Each year the School of Medicine recognizes faculty members in their class of James A. Pittman Jr., M.D., Scholars. This year Blake "Eason" Hildreth, Assistant Professor, Molecular & Cellular Pathology, has been named of one of 10 faculty in the 2021 cohort.
The Pittman Scholars program recognizes the impacts of junior faculty and supports the recruitment and retention of highly competitive scientists and physician-scientists. The program is named for the late James A. Pittman, Jr., M.D., longtime dean of the School of Medicine from 1973 to 1992. Pittman is considered a principal architect of the School for his ability to recruit top scientists and physicians to UAB.
"I am extremely honored to not only receive the nomination and support to become a Pittman Scholar by Drs. George Netto, Ralph Sanderson, Yabing Chen, and Rakesh Patel, but to then be chosen to be a Pittman Scholar," Hildreth says. "I am extremely familiar with the prestige of this award and excellence of those before me that have received this award."
"One of my career goals is to continue to build on the rich tradition of cancer and bone research here at UAB. Receipt of this 2021 James A. Pittman, Jr., MD, Scholars Award will further elevate the pursuit of this goal. This award will help support all of our ongoing research efforts and to venture into new ideas and projects that are presently developing."
Recipients are nominated by their department chairs based on their research achievements and their potential for continued discovery in the basic or clinical sciences. Pittman Scholars are selected each academic year. The selected class of scholars receive $10,000 per year for five years to support the faculty member’s research-related activities or scholarly enrichment.
Dr. Hildreth's research at UAB builds upon his post-doctoral work, investigating the role of the transcription factor PU.1 in normal osteoclast differentiation. He explains:
"Osteoclasts are derivatives of the myeloid/macrophage lineage. In normal skeletal homeostasis, osteoclasts constantly remove bone in order for osteoblasts to form new bone. However, in certain disease states, including when cancer spreads to bone, osteoclast activity is markedly increased which leads to bone loss. A major focus in the field of musculoskeletal research is how to inhibit elevated osteoclast activity in such pathologies. In cancer, just as they initially respond during infection and wounding, macrophages elicit a pro-inflammatory response to eliminate cancer cells. However, the cancer cells reprogram or 'repolarize' these macrophages to be anti-inflammatory, establishing angiogenesis and tumor immunosuppression. In breast cancer, macrophages can represent up to 50% of the cells within the tumor microenvironment. Therefore, there is great interest in how macrophages drive tumor progression and the development of ways to inhibit these macrophages and/or “repolarize” these macrophages to in fact combat the cancer cells and inhibit tumor growth. From this, I became very interested in the role of macrophages in breast cancer and macrophages and osteoclasts in bone metastasis.
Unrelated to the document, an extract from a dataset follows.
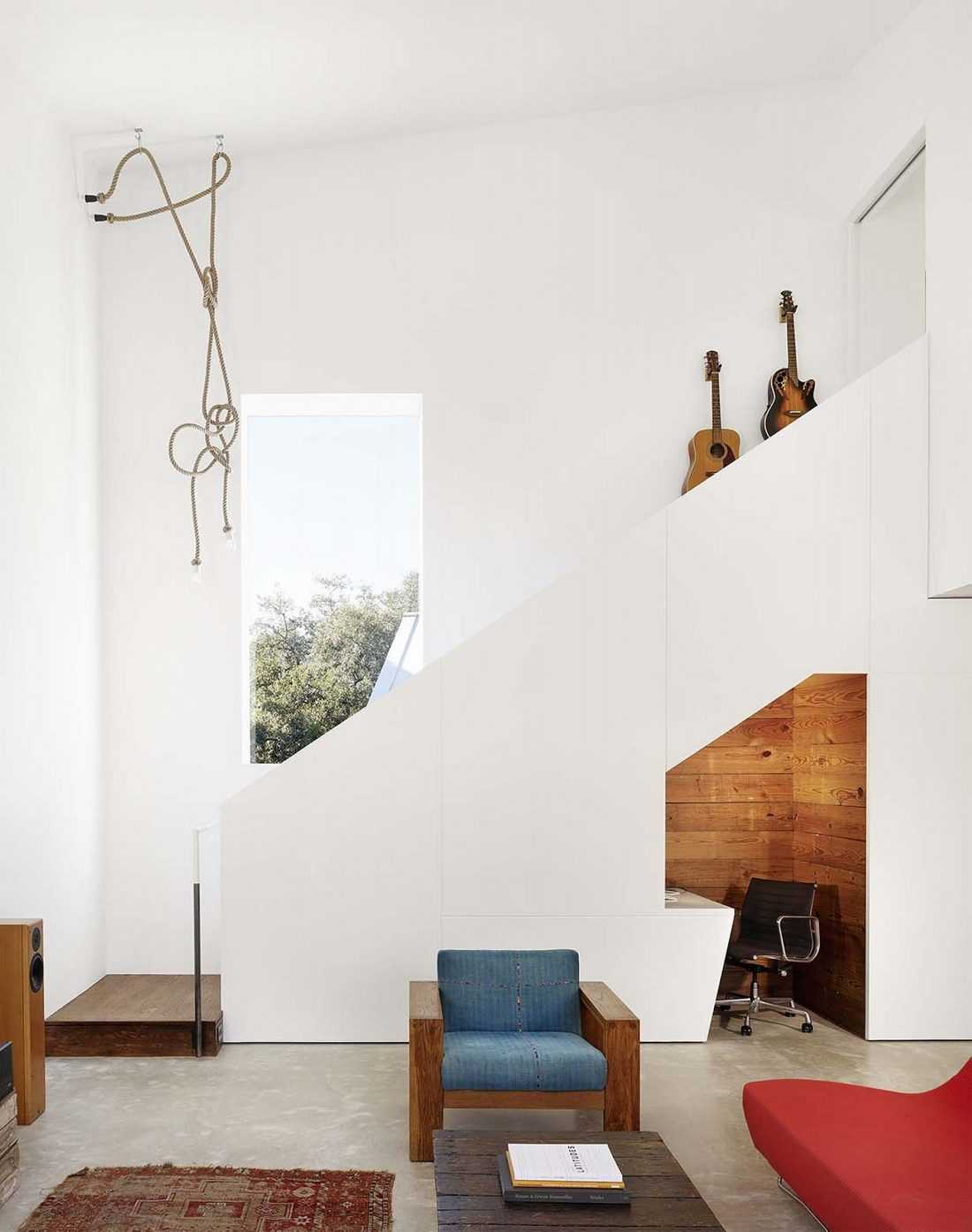 Любой минималистичный дом обеспечивает полную свободу. Внутри него легко передвигаться, ничто не давит, не напрягает глаз. Мебель простая, но изящная, фасады ровные без намека на декоративные детали. Для обивки мягкой группы применяется плотная однородная ткань, цвет которой повторяет цвет стен. Благодаря этому она зрительно растворяется и становится практически невидимой. Предпочтение отдается корпусным предметам интерьера, часто они изготавливаются на заказ под определенный проект дома, поэтому идеально вписываются в жилое пространство.

My research since coming to UAB is in three focus areas:
Project 1: Macrophage and osteoclast-specific targeting for the prevention and treatment of breast cancer metastasis (primarily focused on bone metastasis). We use multiple genetically-modified mouse models to investigate the role of the transcription factor PU.1 in macrophages and osteoclasts.
Project 2: Therapeutic targeting of tumor-associated macrophages as a means to treat primary breast cancer tumors and prevent and treat metastasis. This is a really exciting collaboration with Dr. Eugenia Kharlampieva’s laboratory in the Department of Chemistry. We are modifying drugs that we have shown to inhibit macrophage activity such that now the drugs only affect macrophages and not other cells of the body. A “targeted” therapy.
Project 3: Transcriptional regulation of macrophage polarization. This work, while cancer-related at the moment, has the potential to have a much broader impact in diseases associated with excessive or abnormal macrophage or osteoclast activity.